1099-MISC Filing Requirements

If you operate a business, the government requires you to file a 1099-MISC form if you made royalty payments of $10 or more to a single individual or paid $600 or more to a single individual for rents, services, prizes and awards. This form is also necessary if you paid $600 or more to an individual or corporation for health services, fishing activities or legal fees. You must send one copy of the form to the government and another to the recipient of the payments. The recipient must receive the 1099 by January 31 and must declare the amount that you paid as income.

Declaring Rent

If you operate a business and pay rent, the government considers the recipient of that rent an independent contractor in the business of providing rental property. That person must declare the rent received from you as income, provided it is $600 or more. You will need to file a 1099-MISC form to declare the amount of rent you paid. You do not have to file a 1099 if you pay the rent to a corporation or a real estate agent.
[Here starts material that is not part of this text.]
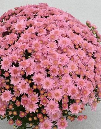 Эффектная шаровидная хризантема – плотный компактный и низкорослый цветущий «шар» густо усыпанный розовыми цветками. Побеги голые, невысокие, достигающие максимум 40 см. Куст не нуждается в формирующей обрезке, так как его форма закреплена на генетическом уровне.
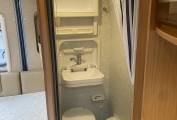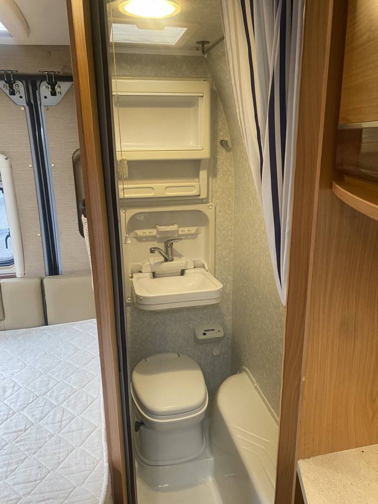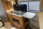 worktop space. The washroom has cassette toilet, fold down sink and shower. Hot

The recipient of the of the rent must declare it on Schedule E of the federal return.

Rental Expenses

As part of the Small Business Jobs Act of 2010, passed along with the Patient Protection and Affordable Care Act, or Obamacare, the federal government requires landlords who rented property as a business to file a 1099-MISC for payments made in excess of $600 to any contractor who provided services to the rental property. Although effective in January of 2011, Congress repealed the legislation on April 18, 2011. As a result, you no longer have to report expenses paid to contractors on a 1099 form if you own rental property.

Considerations

1099 forms are typically for reporting payments made in the course of conducting business, so you don't have to file one for your rental space if you don't use it for that. This creates a gray area for someone who rents their home and conducts a small business from it. Filing a 1099 may help you balance your business books, but it may cause your landlord consternation unless you have come to a prior agreement about it. Although the law unambiguously requires businesses to report rental expenses on a 1099, it clearly does not require it for personal transactions.